Data for review.
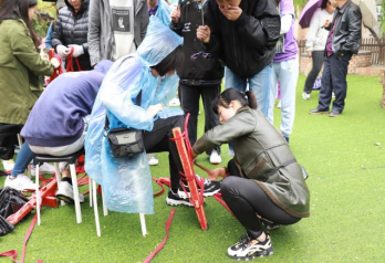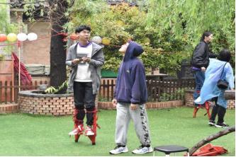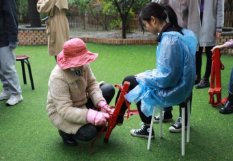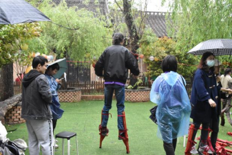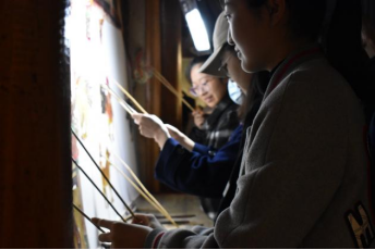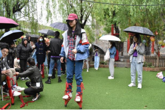 在关中非遗文化传承馆,了解了关中民间社火“踩高跷”的文化历史、艺术价值后,师生纷纷观摩、体验这项古老的技艺。大家小心地系上绑带,互相搀扶、帮助,颤颤巍巍地尝试挑战自己,在慢慢适应其中乐趣的过程中,更加深入体悟非遗文化独特的历史和积淀,民间艺人沉静而朴实的快乐和纯粹的精神之美。
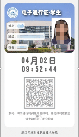 当我院的学生背着重重地行李回到渴望已久的校园,踏进校园的那一刻,每个人的手机上弹出了这条信息,他们青春的脸蛋上洋溢着幸福的微笑。每位同学在返校申请完成后,他的企业微信上就出现了一张专属的电子通行证,这张灰色的电子通行证可是学院防疫工作智慧化的结晶,整合了师生身份信息、杭州健康码、师生返校申请、出门申请等信息。这张“智慧”电子通行证实现了多码联动、自动变色,在同学返校当天,电子通行证变成蓝色,在校门口通道系统经过人脸认证、测温并通过,几秒钟便无感知地完成了报到和通行,走在回寝室的路上,同学的电子通行证已变成了绿色,也收到了学校给成功返校同学的小惊喜。
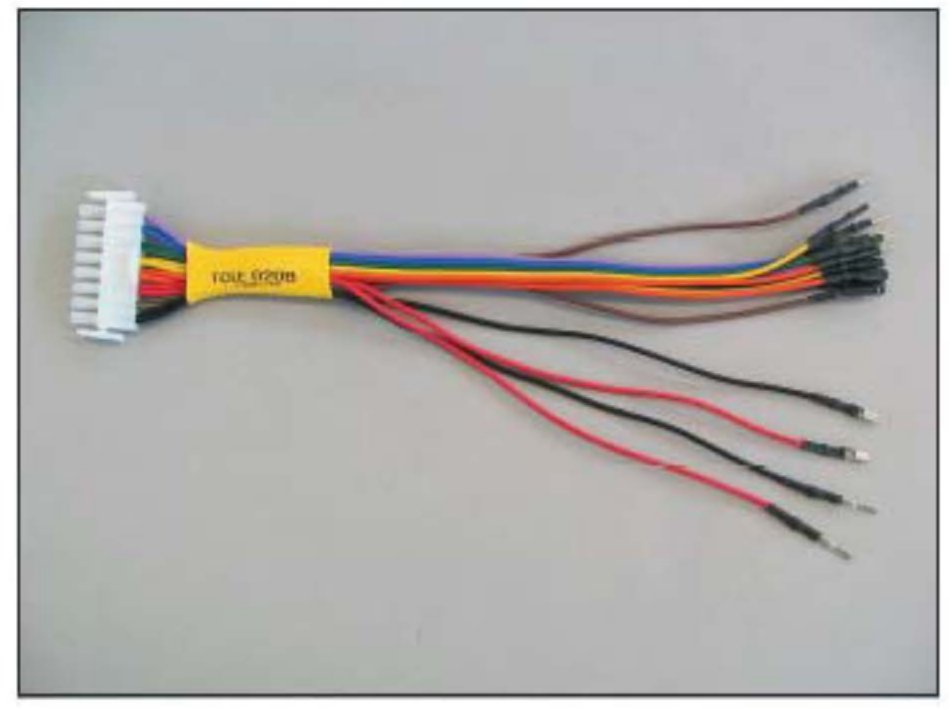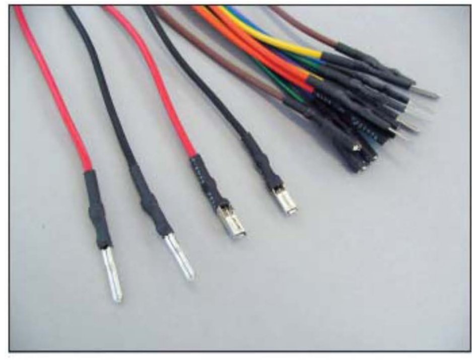 4. Using a sharp knife or razor blade, remove a portion of the insulation on the red and black leads of T-Connector TCIE-020B as shown in the photo.
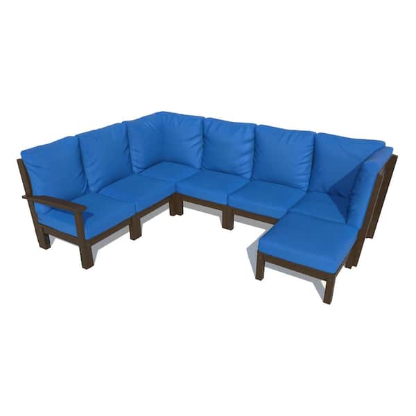 Bespoke Deep Seating 7-Piece Plastic Outdoor Sectional Set with Ottoman and with Cushions
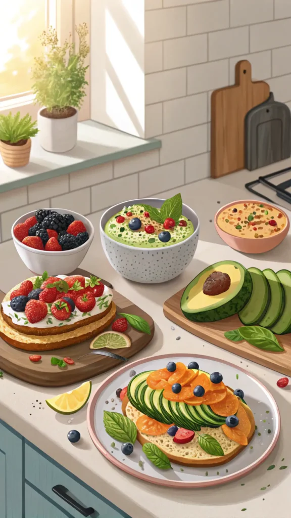 Chia Pudding: Only takes 5 minutes to throw together the night before, and boom – creamy, satisfying breakfast waiting for you. Use monk fruit or a little coconut sugar to sweeten it up, and don’t skip the cinnamon!
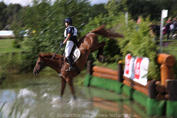 Reiten Crossrittfoto Schenefeld Grüngelände mit Wasser Vielseitigkeit Sportfotografie Deutsche Meisterschaft CIC 3*
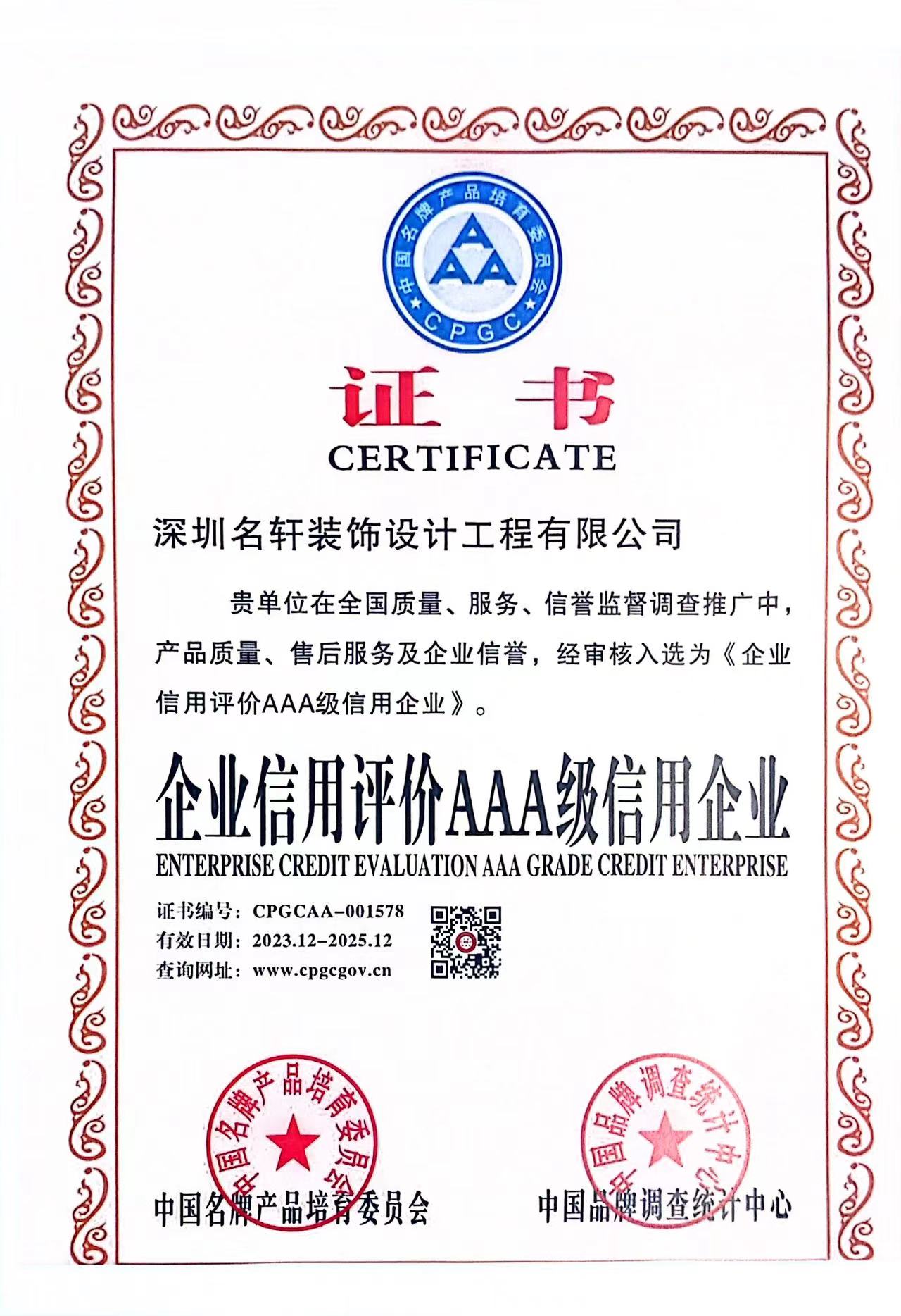 企業信用評價3A級證書
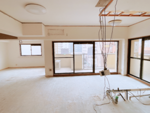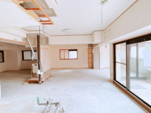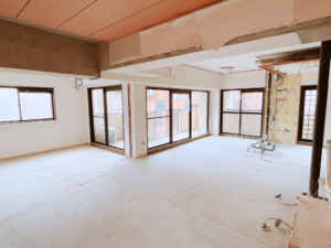 既存の間取りの大幅変更にともない、内装を全て解体し、イチから作っていくスケルトンリノベーションとなります。
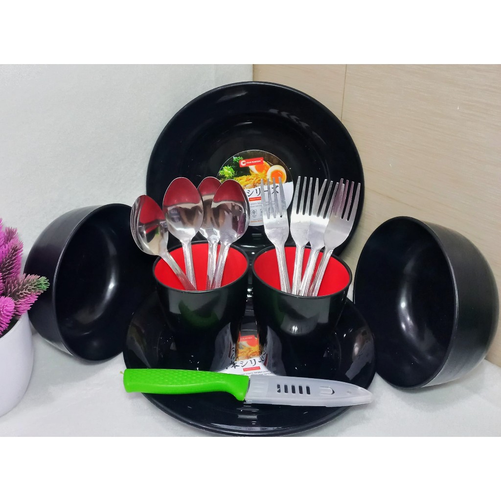 Set Perlengkapan Makan / Piring Anak Kos / Set Makan (Hitam)
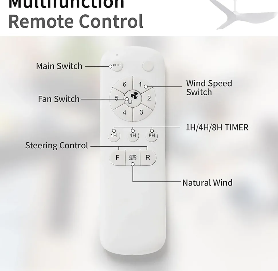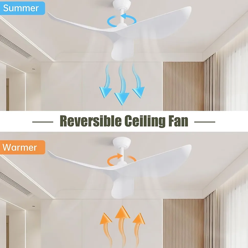 【Moteur DC écoénergétique】 Profitez d’une consommation réduite grâce à un moteur DC 65 % plus efficace que les modèles AC traditionnels, assurant un fonctionnement silencieux et une ventilation performante.【Utilisation toute l’année】 Grâce à son moteur réversible, le ventilateur assure une circulation d’air adaptée aux saisons : rafraîchissement en été et chaleur mieux répartie en hiver.【Puissant flux d’air】 Ce ventilateur génère un fort mouvement d’air tout en restant silencieux, idéal pour rafraîchir en été et redistribuer la chaleur en hiver.【Télécommande pratique】 Ajustez facilement la vitesse du ventilateur parmi 6 niveaux, activez la minuterie et changez le sens de rotation pour un confort optimal toute l’année.【Installation polyvalente】 Convient aux espaces intérieurs et extérieurs, idéal pour le salon, la chambre, la cuisine, la terrasse, le bureau, le garage et d’autres espaces résidentiels ou professionnels.Caractéristiques du produit :Diamètre : 132 cm (52 pouces)Couleur : Blanc avec pales en ABS blanchesMatériau : Plastique ABS et métalMoteur : Moteur à courant continu – silencieux, économe en énergie, durableNiveau sonore : <35 dBVitesses : 6 niveaux via la télécommandeModes de fonctionnement : Mode été (marche avant), mode hiver (marche arrière)Contrôle : Télécommande avec minuterie (1/4/8 heures)Tension : 85–265 V, 50–60 HzTaille de la pièce : 15–33 m² – convient pour un salon, une chambre, un bureau, une salle à manger, un balcon ou un loft
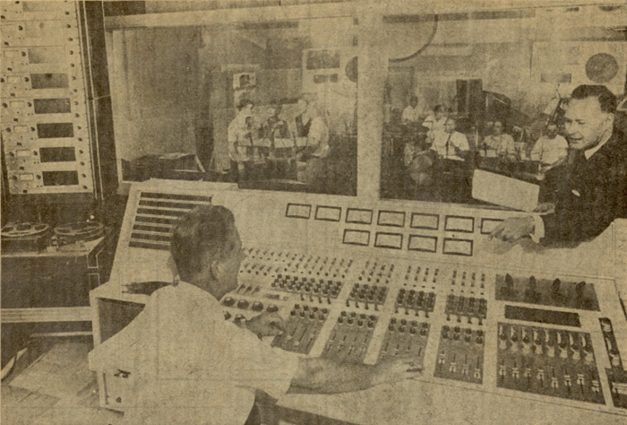 Versatile Kennedy plays all the instruments for a 45 piece orchestra and strings, recording the sounds in the Dave Kennedy Recording Studios, 2755 N. 3rd st. In three hours, Kennedy can record 23 instruments for a two minute recording of the pop tune "I remember You." He timed it. If Kennedy isn't the only 45 piece orchestra, he is the fastest. He records his one man orchesrta on his custom built eight channel Ampex tape recorder which, as he puts it, "gives me any sound I want -- later."
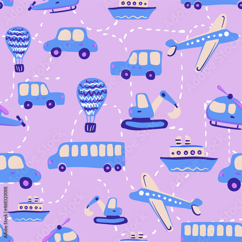 Cute kids vector seamless pattern with hand drawn airplanes, helicopters, cars, buses, ships. Various transport for printing on textiles and paper. Illustration for boys about travel and movement

Instructions to follow. Output the records above as they stand, from the first line to the line with "Set Perlengkapan Makan", inclusive, and exclude the pictures.

Response box.
 在关中非遗文化传承馆,了解了关中民间社火“踩高跷”的文化历史、艺术价值后,师生纷纷观摩、体验这项古老的技艺。大家小心地系上绑带,互相搀扶、帮助,颤颤巍巍地尝试挑战自己,在慢慢适应其中乐趣的过程中,更加深入体悟非遗文化独特的历史和积淀,民间艺人沉静而朴实的快乐和纯粹的精神之美。
 当我院的学生背着重重地行李回到渴望已久的校园,踏进校园的那一刻,每个人的手机上弹出了这条信息,他们青春的脸蛋上洋溢着幸福的微笑。每位同学在返校申请完成后,他的企业微信上就出现了一张专属的电子通行证,这张灰色的电子通行证可是学院防疫工作智慧化的结晶,整合了师生身份信息、杭州健康码、师生返校申请、出门申请等信息。这张“智慧”电子通行证实现了多码联动、自动变色,在同学返校当天,电子通行证变成蓝色,在校门口通道系统经过人脸认证、测温并通过,几秒钟便无感知地完成了报到和通行,走在回寝室的路上,同学的电子通行证已变成了绿色,也收到了学校给成功返校同学的小惊喜。
 4. Using a sharp knife or razor blade, remove a portion of the insulation on the red and black leads of T-Connector TCIE-020B as shown in the photo.
 Bespoke Deep Seating 7-Piece Plastic Outdoor Sectional Set with Ottoman and with Cushions
 Chia Pudding: Only takes 5 minutes to throw together the night before, and boom – creamy, satisfying breakfast waiting for you. Use monk fruit or a little coconut sugar to sweeten it up, and don’t skip the cinnamon!
 Reiten Crossrittfoto Schenefeld Grüngelände mit Wasser Vielseitigkeit Sportfotografie Deutsche Meisterschaft CIC 3*
 企業信用評價3A級證書
 既存の間取りの大幅変更にともない、内装を全て解体し、イチから作っていくスケルトンリノベーションとなります。
 Set Perlengkapan Makan / Piring Anak Kos / Set Makan (Hitam)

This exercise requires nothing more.